Hundreds of thousands of people have fled their homes in Mali amid deadly militia attacks on villages in the country’s central region.

Over 200,000 have fled so far this year, according to figures from the Rapid Response Mechanism, an emergency response system designed to help deliver aid to vulnerable people.

Several massacres since the start of 2019 have killed hundreds of civilians.

Hassane Hamadou, country director for the Norwegian Refugee Council (NRC) in Mali, said: “The first victims of this cycle of violence are civilians. They are killed, they are maimed, they are threatened; and their only chance of survival is to flee. Today, people are caught between armed groups, self-defence militias, and military forces.”

“The protection of civilians is a major concern, especially in places where the state authority has been absent.
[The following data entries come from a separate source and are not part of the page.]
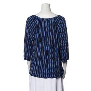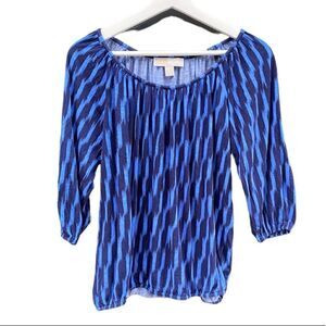 Michael Michael Kors Blouse Blue Striped Three-Quarter Sleeve Scoop Neck in small. The shirt is pre-owned. There are no stains or rips, but there is wash wear and pilling.
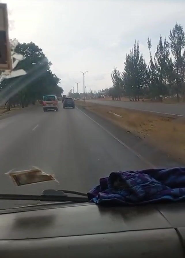 A view from the driver's seat shows a two-lane road with white lines. Several vehicles are driving in the same direction, including a van and other cars. There are trees and streetlights lining the sides of the road, and a small grassy area is visible to the right. The sky is overcast. On the dashboard, there's a blue and purple patterned cloth. A small square section of the dashboard is partially detached, revealing the interior.
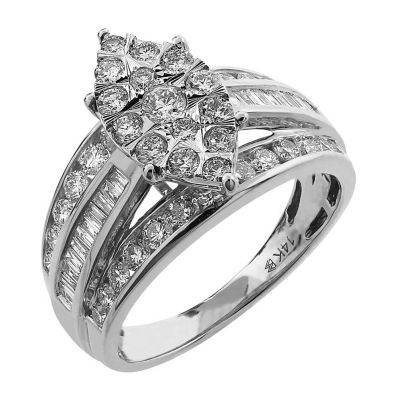 Womens 1 1/2 CT. T.W. Natural White Diamond 10K Gold Marquise Side Stone Engagement Ring
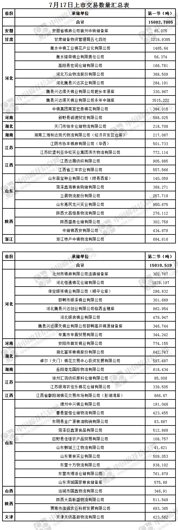 7月17日兩節(jié)共計輪出儲備棉30013.2195噸。第一節(jié)銷售儲備棉15002.7005噸,其中需要倒垛出庫68捆。第二節(jié)銷售儲備棉15010.519噸,其中需要倒垛出庫68捆。
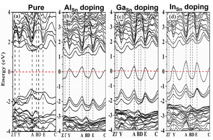 图1:纯净BaSnS2 (a)和Group-ШA(Al,Ga,In) 元素(b-d)掺杂在Sn位的能带结构
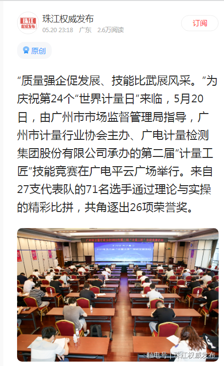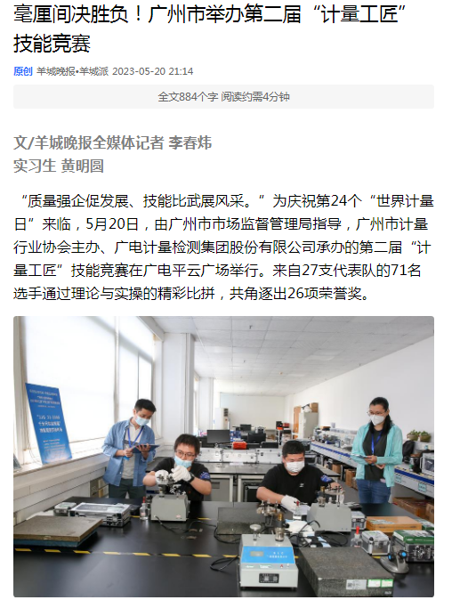 为贯彻落实习近平总书记对技能人才队伍建设的重要指示,弘扬劳模精神、劳动精神、工匠精神,激发广大计量技术人员的积极性、主动性和创造性,为计量行业的持续高质量发展提供有力的人才支撑,5月20日,由广州市市场监督管理局指导、广州市计量行业协会主办,广电计量检测集团股份有限公司(以下简称“广电计量”)承办的2023年第二届“计量工匠”计量检定人员竞赛在广电计量广州总部成功举办。吸引了来自广州市各区共27支代表队参加,70余名参赛选手进行角逐。
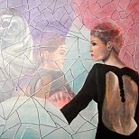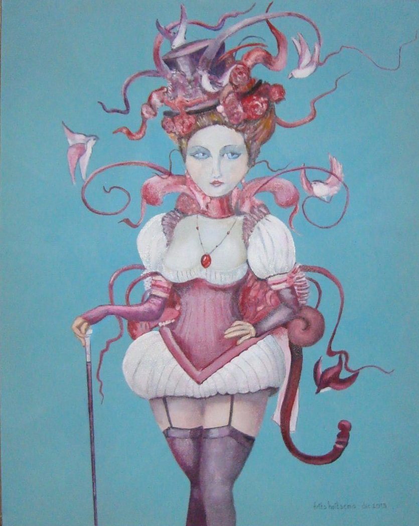 Een globale impressie van het schilderij "Vogelvrouw" 40x50cm.
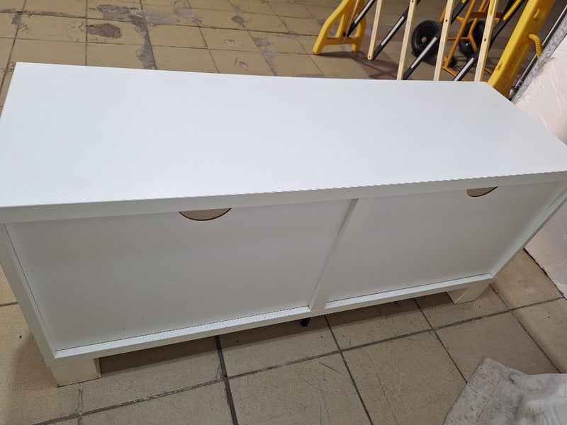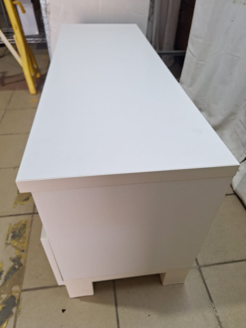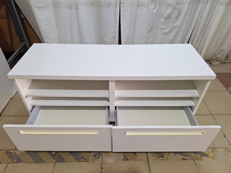Entertainment Unit With Drawers, Timber Style, White FinishDimensions H:55cm W:120cm D:42cm
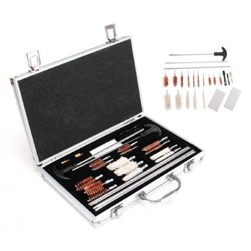 Універсальний набір для чищення пістолетів, гладкоствольної зброї та карабінів в алюмінієвій валізі (кейсі) для зручного зберігання та транспортування. Включає все необхідне для якісного і швидкого чищення рушниці, а саме:

Humanitarian actors should be given unrestricted access to these people to deliver aid and ensure their protection.”

In the worst of the bloodshed, at least 160 people were killed in the village of Ogossagou ​in March.

The slayings marked an escalation in violence between ethnic Dogon hunters and Fulani herders, who have been pitted against each other in tit-for-tat violence.
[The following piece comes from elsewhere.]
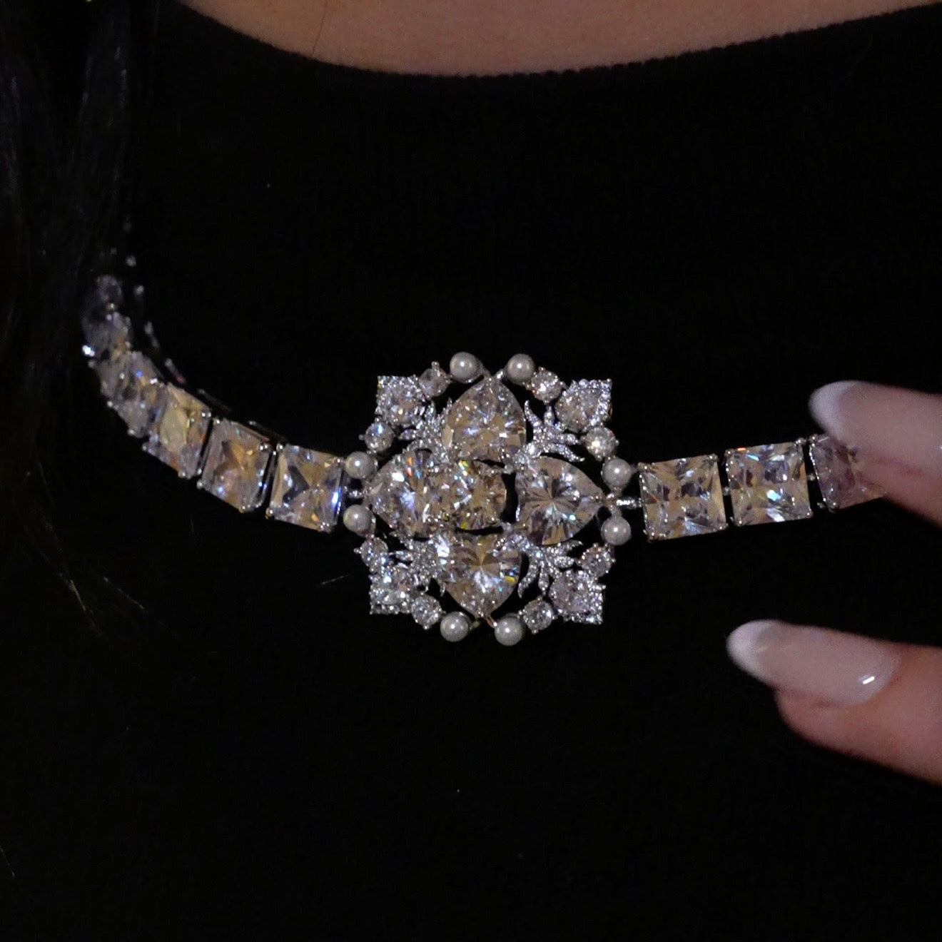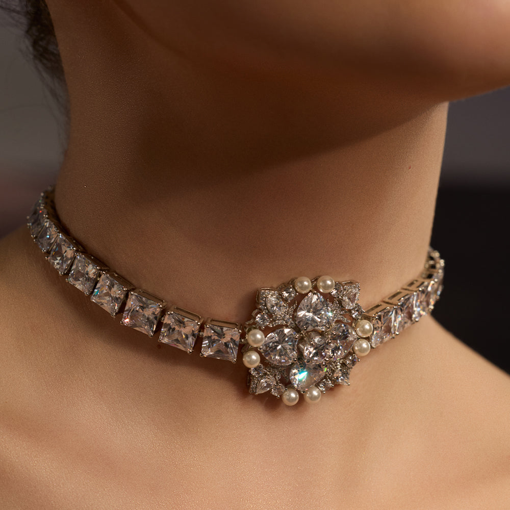 Elegant in structure and radiant in detail, the Aida Choker is a statement of modern sophistication. A sculpted floral-inspired centre motif, set with brilliant-cut CZ stones and delicate pearl accents. The sleek band of precision-cut crystals contours the neckline, creating a refined silhouette that glimmers with effortless grace.

Last month, the mayor of Sobame Da said 95 charred bodies had been found in the village, but the government later revised the figure down to 35 killed.
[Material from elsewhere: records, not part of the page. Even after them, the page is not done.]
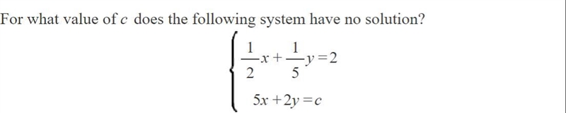 The two equations already have the same slope, -2.5, so that means they just can't have the same y intercept. the first one has a y intercept of 10, so that means the other one cannot have that. The y intercept for the second one is .5c, so in otherwords .5c can't equal 10, or c≠20.
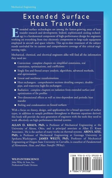 Allan D. Kraus, PhD, is Professor of Mechanical Engineering at the University of Akron, Ohio, and is principal associate at Allan D. Kraus Associates. He is the author of many works on thermal systems. Abdul Aziz, PhD, is Professor of Mechanical Engineering at Gonzaga University in Spokane, Washington. James Welty, PhD, Professor of Mechanical Engineering at Oregon State University in Corvallis, is co-author of Fundamentals of Momentum, Heat, and Mass Transfer (Wiley).
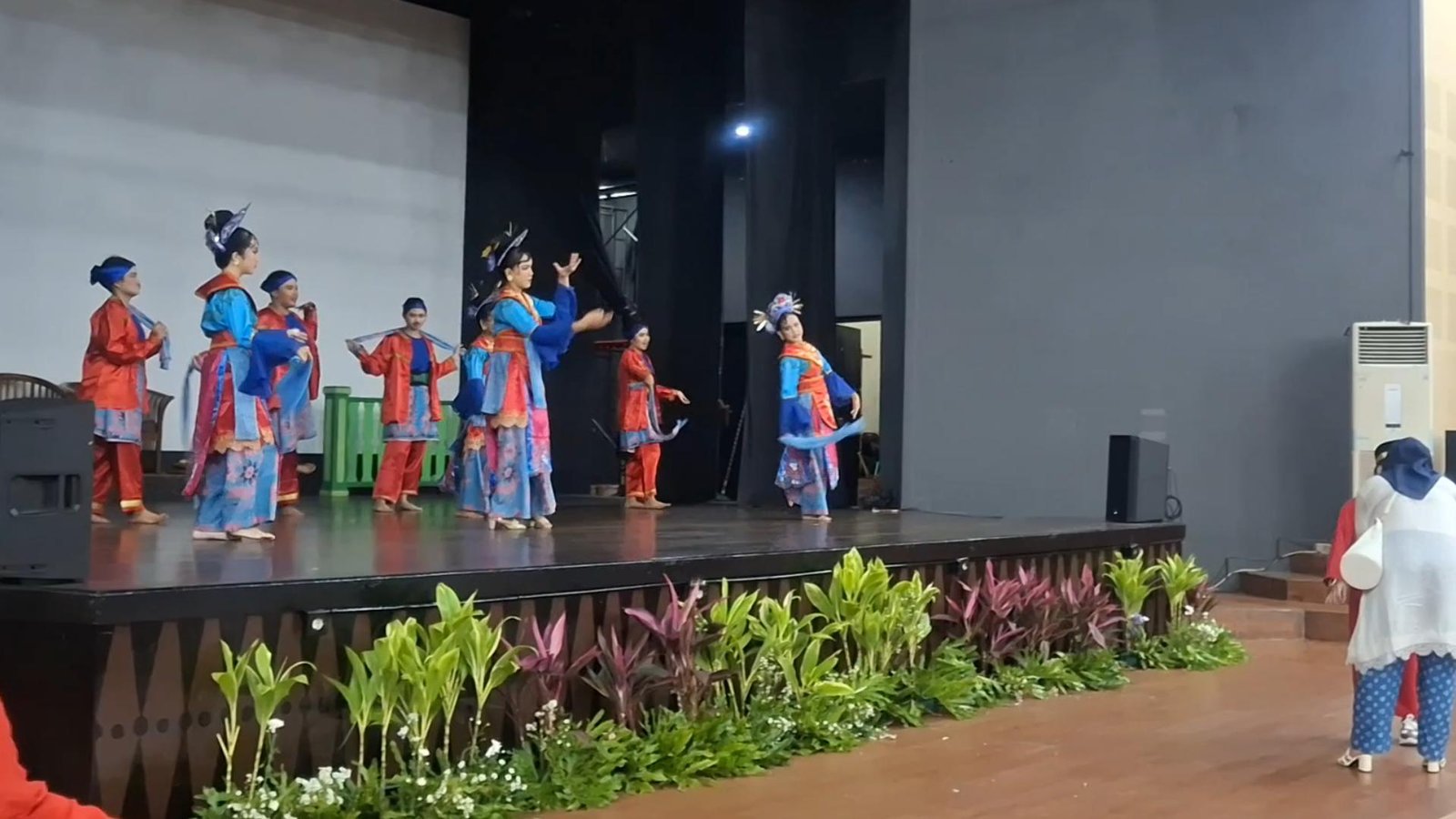 Suasana di balik panggung tampak semarak. Para penari sibuk memastikan riasan wajah dan kostum mereka siap tampil, sementara pengaturan panggung kembali dicek secara cermat. Menariknya, di sela-sela persiapan, para penari juga menyempatkan diri menyapa penonton dengan mengedarkan kudapan, menciptakan keakraban bahkan sebelum pertunjukan dimulai.

Residents in Mali village of Sobane-Kou after deadly attack on ethnic Dogons on 9 June (AFP/Getty Images)

Just over a week later, gunmen on motorbikes killed at least 41 people in separate attacks on two villages.

Issiaka Ganame, mayor of Yoro, said around 100 men stormed his village and opened fire before carrying out another shooting on the nearby village of Gangafani 2.

Violence between ethnic groups has compounded an already fraught security situation in Mali, where Islamist militants tied to al-Qaeda and Isis are also active.

Dogon village of Sobane Da in central Mali after deadly attack on 9 June (Reuters)

The west African nation’s government is seen as having lost control over parts of the country, having outsourced the fight against jihadis to vigilante militias who regularly turn their weapons on civilians from rival groups.

The Dogon have accused the Fulani of harbouring Islamist militants – charges which the Fulani deny.

Mali’s government must address the arming of ethnic self-defence groups and the proliferation of arms in the country or “there is a high risk of further escalation that could lead to the commission of atrocity crimes”, Antonio Guterres, the United Nations secretary-general, said in his report on Mali in May.